[DATA SUPPLIED — start]
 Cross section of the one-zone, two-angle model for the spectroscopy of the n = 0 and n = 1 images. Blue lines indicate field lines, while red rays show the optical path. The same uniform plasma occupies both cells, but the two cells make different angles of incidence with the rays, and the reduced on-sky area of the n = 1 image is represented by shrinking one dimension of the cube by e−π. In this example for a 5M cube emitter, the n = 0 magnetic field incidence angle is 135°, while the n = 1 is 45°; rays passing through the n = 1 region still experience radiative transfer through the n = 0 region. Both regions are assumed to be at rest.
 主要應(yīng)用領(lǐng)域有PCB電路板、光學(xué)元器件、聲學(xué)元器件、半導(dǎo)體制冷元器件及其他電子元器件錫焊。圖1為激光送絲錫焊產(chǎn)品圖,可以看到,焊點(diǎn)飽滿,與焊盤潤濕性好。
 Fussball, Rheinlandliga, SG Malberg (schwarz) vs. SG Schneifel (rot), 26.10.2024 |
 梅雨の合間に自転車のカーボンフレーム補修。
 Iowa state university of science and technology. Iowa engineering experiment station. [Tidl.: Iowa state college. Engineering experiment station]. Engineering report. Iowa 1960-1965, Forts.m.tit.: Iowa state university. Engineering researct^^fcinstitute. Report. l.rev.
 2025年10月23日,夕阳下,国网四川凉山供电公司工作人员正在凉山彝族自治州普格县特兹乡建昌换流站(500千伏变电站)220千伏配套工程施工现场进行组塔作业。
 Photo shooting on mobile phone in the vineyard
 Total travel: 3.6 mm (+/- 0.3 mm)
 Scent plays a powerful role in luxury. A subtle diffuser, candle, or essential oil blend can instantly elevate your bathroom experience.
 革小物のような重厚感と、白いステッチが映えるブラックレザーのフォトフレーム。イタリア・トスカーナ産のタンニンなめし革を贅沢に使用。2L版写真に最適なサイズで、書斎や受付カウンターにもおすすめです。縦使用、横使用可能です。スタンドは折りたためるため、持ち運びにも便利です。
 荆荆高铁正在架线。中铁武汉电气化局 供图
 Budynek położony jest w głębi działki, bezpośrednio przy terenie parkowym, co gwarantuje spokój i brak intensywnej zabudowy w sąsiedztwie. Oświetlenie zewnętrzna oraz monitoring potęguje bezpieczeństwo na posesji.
[DATA SUPPLIED — finish]
From the first line of the listing above through the line that contains "2025年10月23日,夕阳", retype every line exactly, and write nothing else.

 Cross section of the one-zone, two-angle model for the spectroscopy of the n = 0 and n = 1 images. Blue lines indicate field lines, while red rays show the optical path. The same uniform plasma occupies both cells, but the two cells make different angles of incidence with the rays, and the reduced on-sky area of the n = 1 image is represented by shrinking one dimension of the cube by e−π. In this example for a 5M cube emitter, the n = 0 magnetic field incidence angle is 135°, while the n = 1 is 45°; rays passing through the n = 1 region still experience radiative transfer through the n = 0 region. Both regions are assumed to be at rest.
 主要應(yīng)用領(lǐng)域有PCB電路板、光學(xué)元器件、聲學(xué)元器件、半導(dǎo)體制冷元器件及其他電子元器件錫焊。圖1為激光送絲錫焊產(chǎn)品圖,可以看到,焊點(diǎn)飽滿,與焊盤潤濕性好。
 Fussball, Rheinlandliga, SG Malberg (schwarz) vs. SG Schneifel (rot), 26.10.2024 |
 梅雨の合間に自転車のカーボンフレーム補修。
 Iowa state university of science and technology. Iowa engineering experiment station. [Tidl.: Iowa state college. Engineering experiment station]. Engineering report. Iowa 1960-1965, Forts.m.tit.: Iowa state university. Engineering researct^^fcinstitute. Report. l.rev.
 2025年10月23日,夕阳下,国网四川凉山供电公司工作人员正在凉山彝族自治州普格县特兹乡建昌换流站(500千伏变电站)220千伏配套工程施工现场进行组塔作业。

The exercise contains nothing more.